Use excludeListId to exclude a specific list from the dedupe set — typical pattern is excluding the list you’re about to import into.

AI agent notes

Typical flow.
  1. User initiates a new list import (CSV or Sales Nav).
  2. Agent/UI calls checkListDuplicates with the candidate set (or searchId).
  3. UI surfaces duplicateCount so the user can decide whether to proceed as-is, add dedupe, or cancel.
  4. Agent calls importFromSalesNav or the appropriate CSV import route — that route handles the actual dedupe during import.
Pick the right mode.
  • For Sales Nav / CSV previews where the data is already in the client, use the people mode.
  • For lead search results already persisted in Supabase, use searchId — it’s both more efficient and uncapped.
Limits.
  • people mode: 10,000 entries per call, otherwise 400.
  • searchId mode: unlimited, the server paginates 1000 at a time.
Cascade nuance.
  • A candidate with only fullName and no company/location will only match tier-1 (LinkedIn URL) — i.e. effectively never. Agents should prefer enriching these fields before calling.
No side effects. Pure read.

Authorizations

Authorization
string
header
required

Bearer authentication header of the form Bearer <token>, where <token> is your auth token.

Body

application/json

Provide either people (inline array) or searchId (batch fetched server-side). The two paths are mutually exclusive — searchId takes precedence when both are set.

people
object[]

Explicit batch of candidates to check. Capped at 10,000 entries per call. Ignored when searchId is also provided.

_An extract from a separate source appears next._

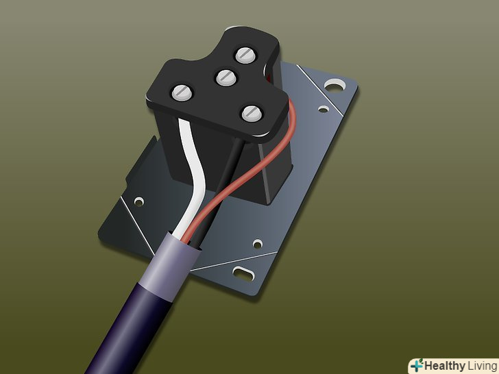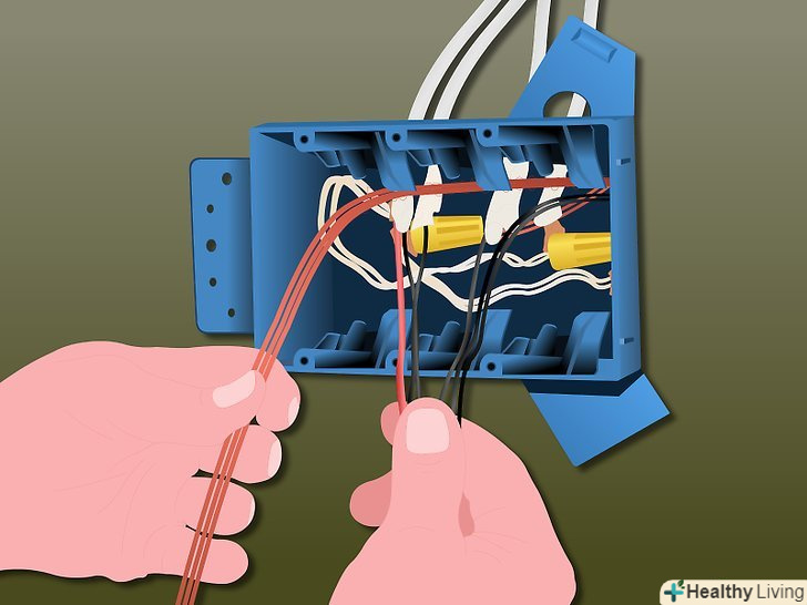 Приєднайте трижильний кабель в монтажній коробці другого вимикача до вимикача. З'єднайте всі заземлюючі дроти так, як було описано вище, якщо це ще не зроблено. Приєднайте чорний ізольований дріт до загального або паралельного гвинта терміналу вимикача (ще раз, загальний гвинт терміналу відрізняється за кольором від інших гвинтів у вимикачі).- Приєднайте червоний ізольований провід до одного з двох гвинтів (до якого саме - не має значення).

Maximum array length: 10000
searchId
string<uuid>

When provided, the server loads all lead_search_results rows for this search (paginated 1000 at a time) instead of reading people from the body. The search must belong to the caller.

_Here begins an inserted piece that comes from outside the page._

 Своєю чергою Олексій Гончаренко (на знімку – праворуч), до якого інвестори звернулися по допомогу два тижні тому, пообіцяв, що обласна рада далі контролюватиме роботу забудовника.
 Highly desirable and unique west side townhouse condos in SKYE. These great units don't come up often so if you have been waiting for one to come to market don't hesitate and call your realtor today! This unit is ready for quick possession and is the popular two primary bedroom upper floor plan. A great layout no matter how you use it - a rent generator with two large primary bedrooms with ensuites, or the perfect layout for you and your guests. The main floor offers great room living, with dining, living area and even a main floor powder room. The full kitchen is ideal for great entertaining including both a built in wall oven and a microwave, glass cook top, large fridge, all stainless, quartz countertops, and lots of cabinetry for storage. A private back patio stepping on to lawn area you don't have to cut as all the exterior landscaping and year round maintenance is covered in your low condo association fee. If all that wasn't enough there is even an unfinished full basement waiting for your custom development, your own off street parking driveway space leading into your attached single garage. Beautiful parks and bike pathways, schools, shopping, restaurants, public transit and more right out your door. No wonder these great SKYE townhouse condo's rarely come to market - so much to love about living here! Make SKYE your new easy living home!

Pattern: ^([0-9a-fA-F]{8}-[0-9a-fA-F]{4}-[1-8][0-9a-fA-F]{3}-[89abAB][0-9a-fA-F]{3}-[0-9a-fA-F]{12}|00000000-0000-0000-0000-000000000000|ffffffff-ffff-ffff-ffff-ffffffffffff)$
excludeListId
string<uuid>

Optional list to skip when building the caller's cross-list dedupe set. Use this to check duplicates against other lists while excluding the list you're about to import into.

Pattern: ^([0-9a-fA-F]{8}-[0-9a-fA-F]{4}-[1-8][0-9a-fA-F]{3}-[89abAB][0-9a-fA-F]{3}-[0-9a-fA-F]{12}|00000000-0000-0000-0000-000000000000|ffffffff-ffff-ffff-ffff-ffffffffffff)$

Response

Count of candidates that would be suppressed by cross-list dedupe. Returns { duplicateCount: 0 } when people is empty or omitted (and no searchId is given).

duplicateCount
integer
required

Number of candidates in the input that already exist in one of the caller's other lists, under the three-tier cascade (LinkedIn URL → name+company → name+location).

Required range: 0 <= x <= 9007199254740991